Building a Kubernetes operator - Laying the foundations
Operator is a pattern that is commonly used in the Kubernetes ecosystem. It seems that, on average, people considers a piece of code an operator if:
- it defines its own custom resources
- it runs some code in a control loop, continuously reconciling custom resources with a target system.
There are two variations of this pattern that I have also seen used: controllers and jobs. Controllers are like operators, but they do not define custom resources. Instead, they either rely on resources built in the cluster (e.g. Ingress resources) or something much simpler, such as ConfigMaps.
Jobs are even simpler as they do not have a control loop: they are just one-off scripts executed either at their deployment, or on a cron schedule. Relying on volume mounts is also something a Job could do, but I would not consider a good design for a controller/operator.
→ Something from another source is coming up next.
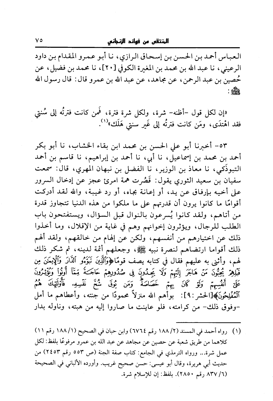 53 - أخبرنا أبو علي الحسن بن محمد بن بقاء الخشاب، نا أبو بكر أحمد بن محمد بن إسماعيل، نا أبي، نا أحمد بن إبراهيم، نا قاسم بن أحمد التبوذكي، نا معاذ بن الوزير، نا الفضل بن نبهان المهري، قال: سمعت سفيان بن سعيد الثوري يقول: قصرت همة امرئ عجز عن إدخال السرور على أخيه بإرفاق عن يد، أو إعانة بجاه، أو رد غيبة، والله لقد أدركت أقواما ما كانوا يرون أن قدرتهم على ما ملكوا من هذه الدنيا تتجاوز قدرة من أتاهم، ولقد كانوا يسرعون بالنوال قبل السؤال، ويستفتحون باب الطلب للرجال، ويؤثرون إخوانهم وهم في غاية من الإقلال، وما أخذوا ذلك عن اختيارهم من أنفسهم، ولكن عن إلهام من خالقهم، ولقد ألهم ذلك أقواما ارتضاهم لنصرة نبيه صلى الله عليه وسلم، وجعلهم أئمة لدينه، ثم شكر ذلك لهم، وأثنى به عليهم فقال في كتابه يصف قوما {والذين تبوءوا الدار والإيمان من قبلهم يحبون من هاجر إليهم ولا يجدون في صدورهم حاجة مما أوتوا ويؤثرون على أنفسهم ولو كان بهم خصاصة ومن يوق شح نفسه فأولئك هم المفلحون} بوأهم الله منزلا محمودا من جنته، وأعطاهم ما أمل -وفوق ذلك- من كرامته، فلو عاينت ما صاروا إليه من هبته، وناوله بدار #76# الخلد من فضل نعمته لأعملت نفسك في الازدياد من طاعته، ولعطفتها على ما يقرب من محبته وصدق رسول الله صلى الله عليه وسلم [إذ] يقول: ((إن من الشعر حكمة)). أنشدني بعض الشعراء: [الخفيف].

Let’s clarify the Job/Controller/Operator distinction by building a piece of code that targets AWS IAM: our code will reconcile a set of IAM roles/policies for ServiceAccounts with AWS IAM.
The reconciliation code
First of all, we need some code that takes policies/roles as input and interacts with AWS APIs. We will use the code below as reference.
import boto3
import json
import os
import yaml
def policy_arn(aws_account_id, name):
return f"arn:aws:iam::{aws_account_id}:policy/{name}"
def reconcile_policies(client, aws_account_id, policies):
"""
Reconcile policy documents to policy names
Format of
policies = {
"policyname": "policy........doc"
"polname2": "policy........doc"
}
"""
policies_to_delete = []
policies_to_update = []
policies_to_add = list(policies.keys())
for policy_instance in client.list_policies(Scope="Local")["Policies"]:
if policy_instance['PolicyName'] not in policies.keys():
policies_to_delete.append(policy_instance['PolicyName'])
else:
policies_to_update.append(policy_instance['PolicyName'])
policies_to_add.remove(policy_instance['PolicyName'])
for policy_name in policies_to_delete:
client.delete_policy(PolicyArn=policy_arn(aws_account_id, policy_name))
for policy_name in policies_to_update:
versions = [x["VersionId"] for x in client.list_policy_versions(PolicyArn=policy_arn(aws_account_id, policy_name))["Versions"]]
oldest_ver = versions[0]
client.delete_policy_version(PolicyArn=policy_arn(aws_account_id, policy_name), VersionId=oldest_ver)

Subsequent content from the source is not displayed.